Dep _max ＝Max[Dep _{c_1} ,Dep _{c_2} ,…,Dep _{c_z} ]

wherein ,Dep_max The maximum value of the dependence degree of the method to be reconstructed and the class corresponding to the method to be reconstructed is represented, max (·) represents the maximum value in the collection, and the class corresponding to the maximum value is the target class to which the method to be reconstructed needs to be moved;

the reconstruction result is a target class, if the target class is the inclusion class of the method to be reconstructed, the method and the inclusion class are not characterized by bad taste, and the method moving operation is not needed; if this target class is not the inclusion class of the method to be reconstituted, indicating that the method and such presence of characteristics is bad tasting, it is necessary to move the method into the target class to eliminate the characteristics from being attached, and complete the reconstitution.

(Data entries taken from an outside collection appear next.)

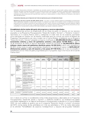 2022, de cuyo análisis se aprecia que en el programa “Desarrollo Social y Humano”, el alcance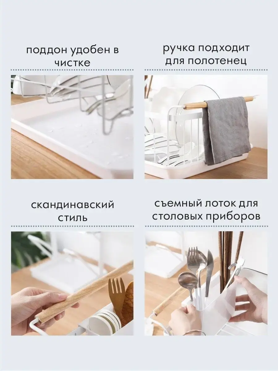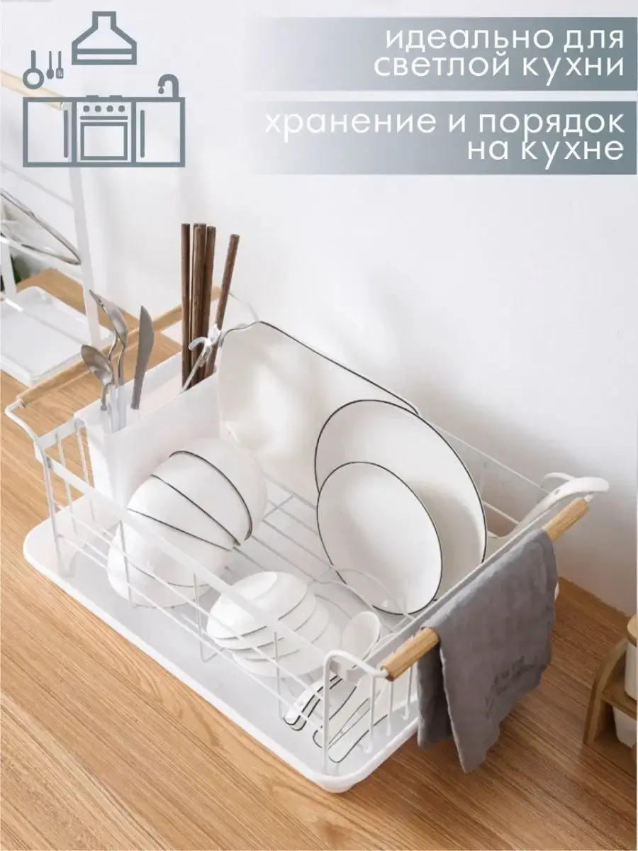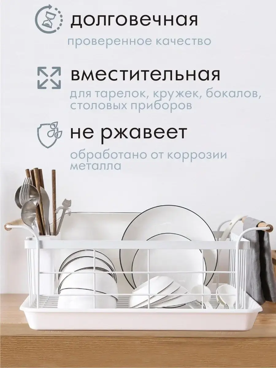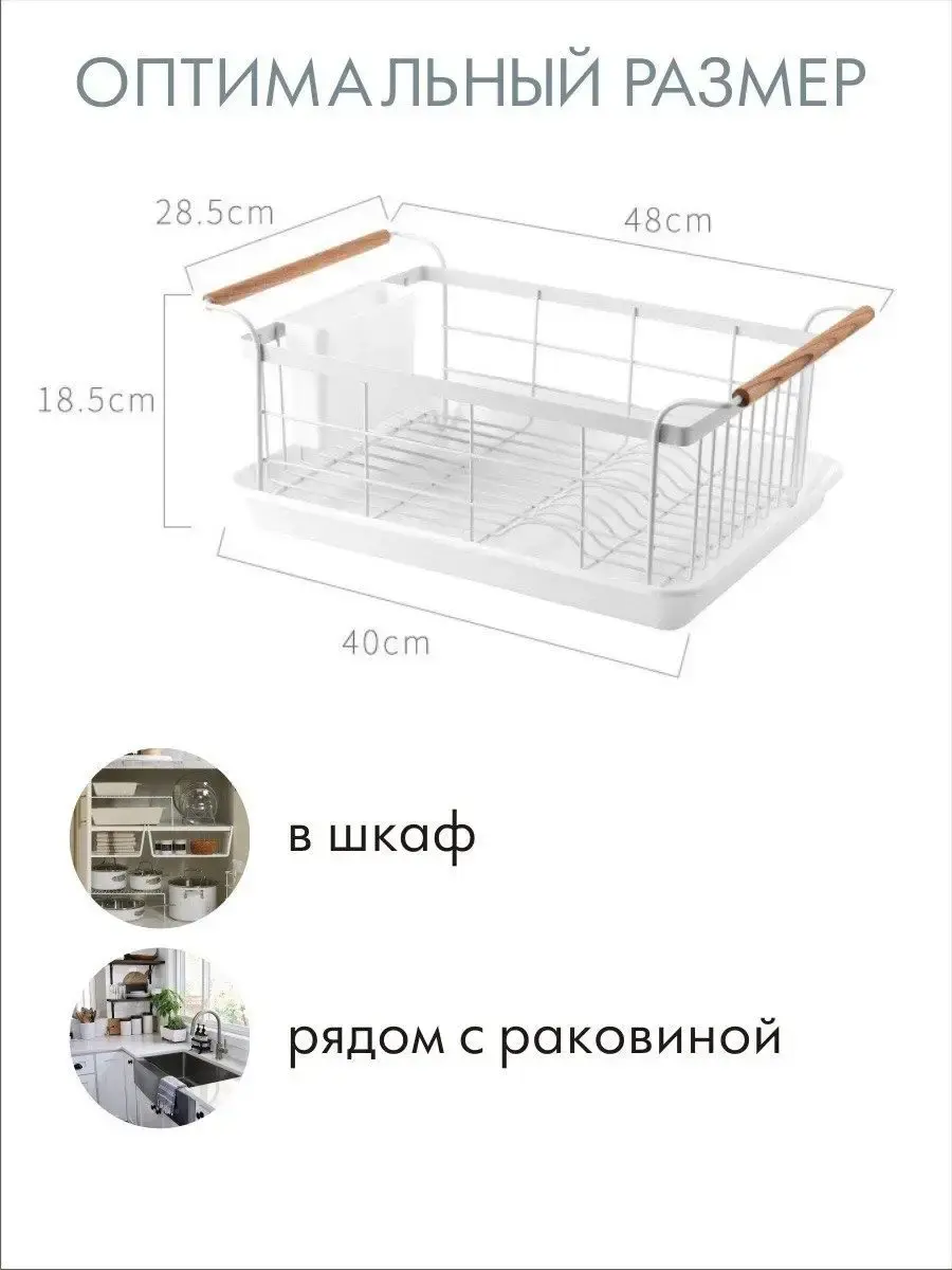 Эта модель имеет ряд преимуществ: вместительная эргономичная, стильная плавные безопасные углы, универсальный размер и белый цвет. Длина 48 см. В такой подставке можно хранить столовые тарелки, столовые приборы, кружки, разделочные доски. Благодаря удобному поддону лишняя влага не будет накапливаться на столешнице вашей кухни, поддон легко снимается и выливается. Этот кухонный инвентарь поддержит порядок на кухне.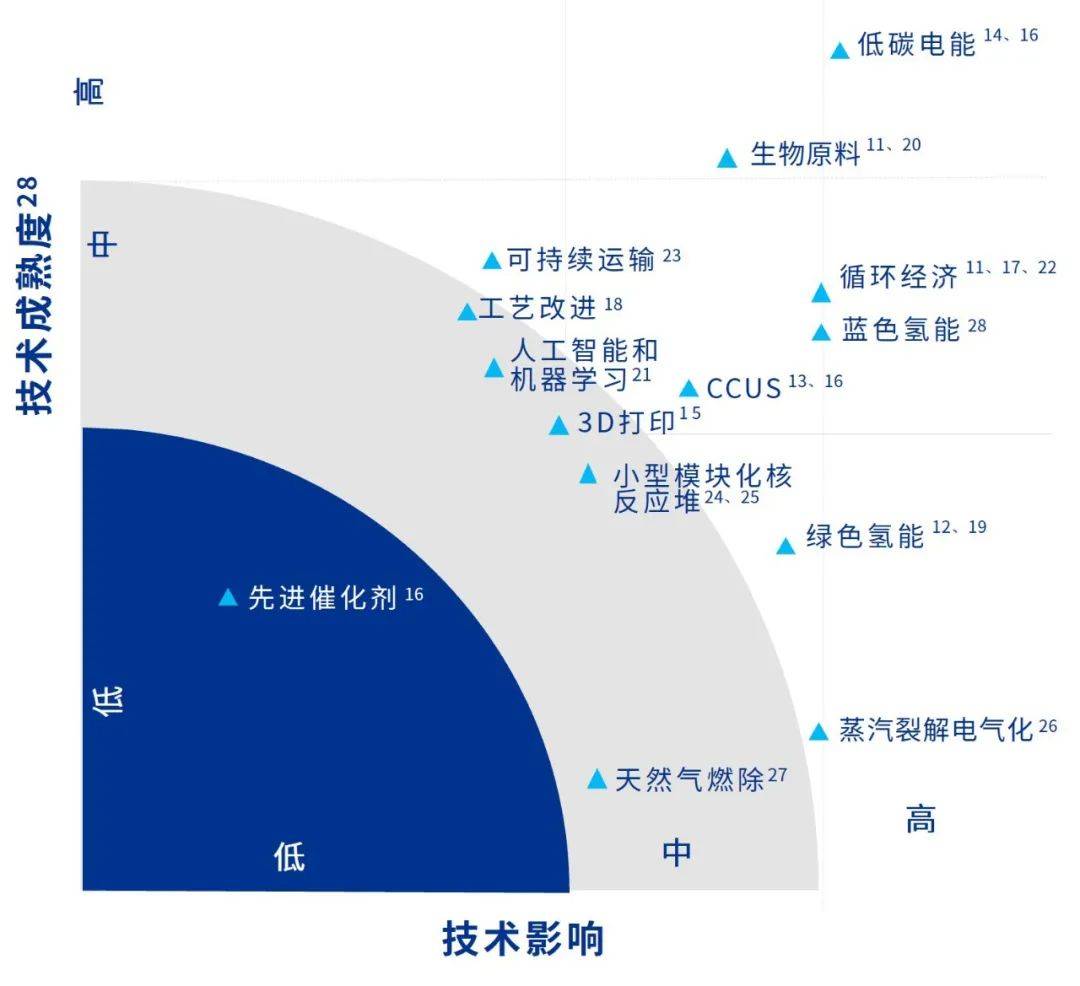 化工行业是最大的工业能源消费行业之一,主要依赖化石燃料获取原料,因此对实现脱碳目标构成挑战。行业需通过自身减排和协助其他行业减排,从而大规模降低燃料及工艺排放。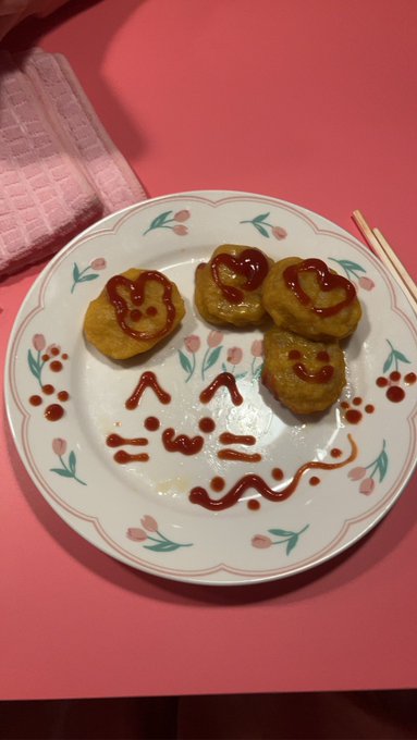 ぁゎてゃんっ@nana_sann_73_·遠隔ぅうう!!いつも影で支えてくれてる仲良しごしゅさまからっ!! ナゲットでお絵描きー!!🐰下手くそになっちゃった(´>∀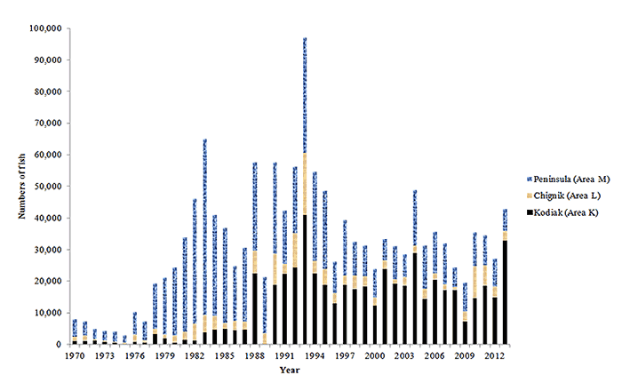 Assessment of run strength of Karluk River Chinook salmon is conducted with a weir located about ¼ mile upstream of Karluk Lagoon. Annual run size of Karluk River Chinook salmon is typically around 9,000 fish. Karluk River Chinook salmon have an escapement goal of 3,000 to 6,000 fish and since 1985 escapements have averaged about 8,000 fish. However, in the past 10 years escapements have averaged just over 3,000 fish and have failed to attain the lower bound of the escapement goal in 5 of the past 10 years (Figure 2). Spawning occurs from August through September and very few Chinook salmon are known to enter Karluk Lake or its tributaries. Beginning in 2014, in conjunction with ongoing weir operations, information on the age, sex, and length of Karluk River Chinook salmon will be gathered.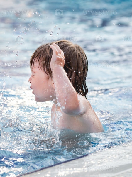 Малыш плавает в детском бассейне. Обучение детей плаванию с раннего детства. Спорт, активный образ жизни и физическое развитие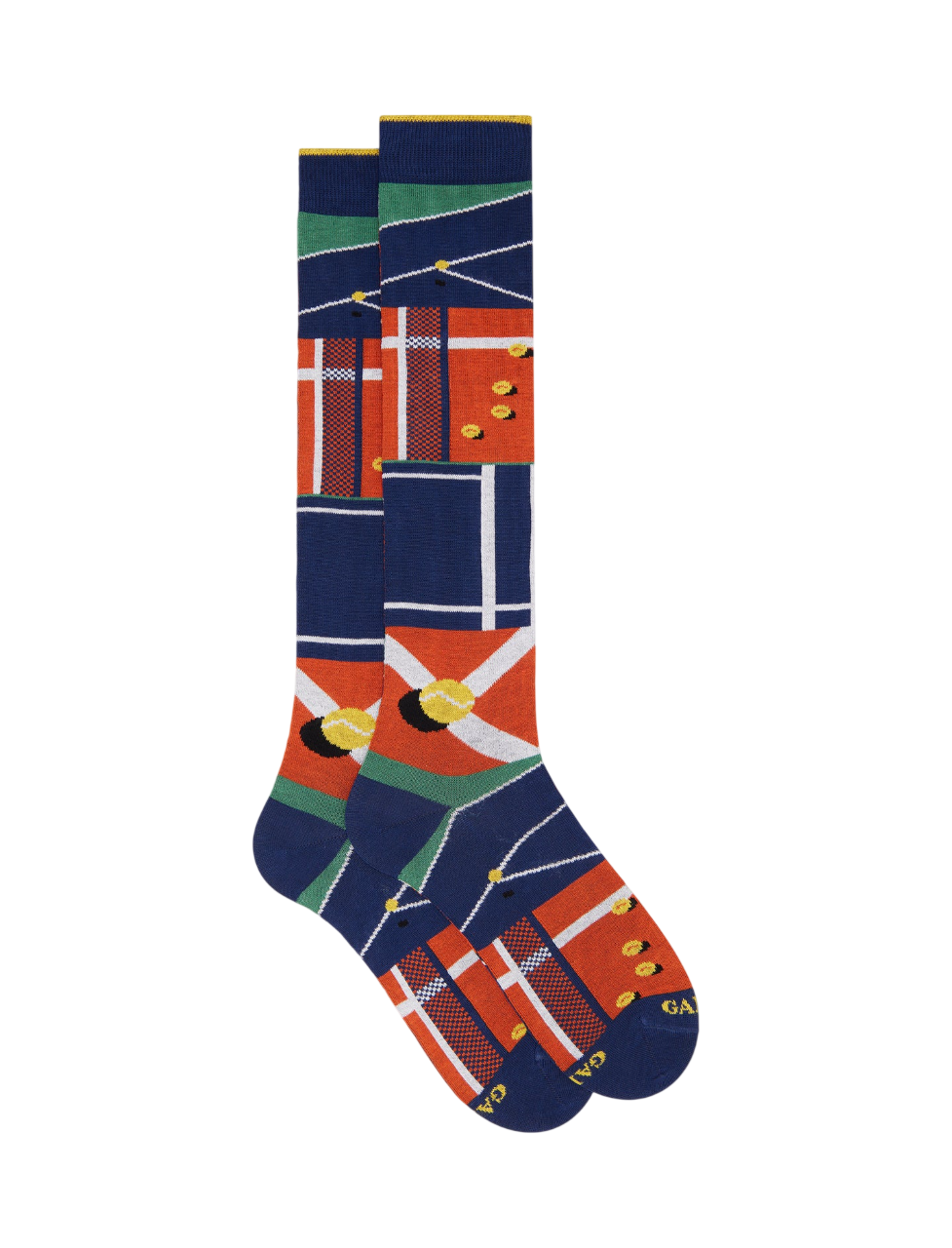 Calze lunghe da uomo in pregiato cotone, caratterizzate da un'elegante fantasia ispirata al tennis, che evoca dinamismo e stile. La raffinata tonalità blu si sposa armoniosamente con il motivo distintivo, rendendo ogni passo un'esperienza di classe. Realizzate in Italia, sinonimo di qualità ed eccellenza GALLO.

2. The method for feature attachment reconstruction based on code multi-level call correlation as claimed in claim 1, wherein in step 1, a piece of data to be reconstructed comprises a method to be reconstructed M, a class and a plurality of candidate classes;

for each class in the piece of data to be reconstructed, the method comprises the following steps:

for the codes of the classes, the codes are sliced by taking the method as a unit, N methods are contained in class, static methods, get/set methods and construction methods are deleted, and m methods are left after one class is screened:

class＝[m ₁ ,m ₂ ,…,m _m ]

extracting a method shape parameter, a method return value return, other method names, attribute names and class names call called inside a method body of any one of m methods, which are commonly called as attributes of the methods;

defining a method shape parameter and a method return value as a method interaction relation, and defining other method names, attribute names and class names called in the method body as a method calling relation; wherein a is _ji The i-th attribute of the j-th method in the class is represented, the value range of the subscript j is 1 to m, the value range of the subscript i is 1 to n, the attribute set of the j-th method in the class is method_j, and the method comprises the following steps:

method_j＝[parameter _j ,return _j ,call _j ]＝[a _j1 ,a _j2 ,…,a _jn ]

wherein, parameter _j Representing the method shape parameter in the j-th method, return _j Representing the return value in the jth method, call _j Representing a method call relation in a j-th method; the above three elements, each element containing a different number of attributes.

3. The method of claim 1, wherein in step 3, the Word embedding function is Word2vec and the dimension of the Word vector is 256.

4. The method of claim 1, wherein in step 10, the dimension of the method vector is 384.

5. The method of claim 1, wherein in step 12, the dimension of the method vector is 384.

6. The method of claim 1, wherein in step 13, vector dimension d is selected 384.